Immer wieder kam es in der Vergangenheit zu Angriffen auf Sanitäter, bevor diese zu den Verletzten vordringen konnten. Viele von Renés Kollegen haben ebenfalls Migrationshintergrund, sie verstehen den fehlenden Respekt vor ihrem Beruf nicht. „Wir kommen bei Ausländern nach der Müllabfuhr“, kommentiert ein aufgebrachter Kollege das Gespräch. René hat das Eis gebrochen, viele der Mitarbeiter in der Feuerwache wollen ihrem Ärger nun ebenso Luft machen. Seit im Vorjahr Hunderte Asylbewerber in einer nahe gelegenen Massenunterkunft eingezogen sind, werden die Ersthelfer tagtäglich mit der Thematik „Zuwanderung“ konfrontiert.

Weil es offenbar eine Weisung für die Asylbewerber gibt, nicht selbständig zum Arzt oder ins Krankenhaus zu gehen, wird die Feuerwehr bei Husten, Schnupfen oder Blasen an den Füßen angefordert. „Wir haben ohnehin zu wenige Fahrzeuge und zu wenig Personal, nun müssen wir auch noch Taxi spielen“, ärgert sich René. Besonders kompliziert sei jedoch die Behandlung arabischer Frauen. Weil ihre Ehemänner die Versorgung durch männliche Sanitäter oftmals nicht zulassen, müssen die Patientinnen ohne Hilfemaßnahmen ins Krankenhaus gebracht werden.

Einen Einsatz solcher Art vermuten die Mitarbeiter auch, als der Funkpiepser losgeht und sie zum Einsatz in der Großunterkunft ruft. Dort erwartete sie dann allerdings ein randalierender Asylbewerber, der in die Psychiatrie zwangseingewiesen werden sollte.

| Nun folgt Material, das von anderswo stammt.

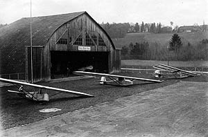 | Der Bider-Hangar entstand 1928 für den Berner Flugsport-Club als erstes Gebäude auf dem 1929 eröffneten Flugplatz Bern-Belpmoos. |

Der Mann hatte sich zuvor gegenüber seiner Frau aggressiv verhalten und durfte sie darum nicht mehr sehen. Obwohl er angeblich nur Farsi verstehe, begann er nach einiger Zeit, die Helfer auf deutsch und englisch zu beschimpfen. Beruhigen ließ er sich auch durch den angeforderten Notarzt nicht, der ihm eine hohe Dosis an Beruhigungsmitteln verabreichte, die indes keine Wirkung zeigten. Der Mediziner vermutete einen vorausgehenden Drogen- und Medikamentenmißbrauch des Patienten, schildert René nach seinem Einsatz der JF. „Es gibt grundsätzlich keine Vorbehalte gegenüber Ausländern. Nur Erfahrungen. Und so können auch Vorbehalte entstehen“, zuckt der langjährige Sanitäter resigniert mit den Schultern.

„Ob Arzt, Krankenschwester oder Rettungssanitäter“ – der Respekt vor medizinischem Personal „habe extrem nachgelassen“, sind sich Schwester Martina K. und die Sanitäter René H. und Thomas R. einig. Vor wenigen Jahren habe man sogar noch Unterstützung von Passanten auf der Straße erhalten, wenn ein Patient wiederbelebt werden mußte. „Heute kann es schon mal vorkommen, daß dich seine Familienmitglieder attackieren“, weiß René. Als erster Landkreis führte Chemnitz darum im Herbst schußsichere Westen für den Rettungsdienst ein. Ohne Unterstützung der Landesregierung allerdings. Offiziell wird weiterhin Deeskalation bei allen Einsatzkräften großgeschrieben. Dem fehlenden Anstand könne nur noch mit Ruhe begegnet werden, wird in Schulungen vermittelt. Viele der Einsatzkräfte wünschen sich hingegen ein stärkeres Auftreten von Polizei und Justiz.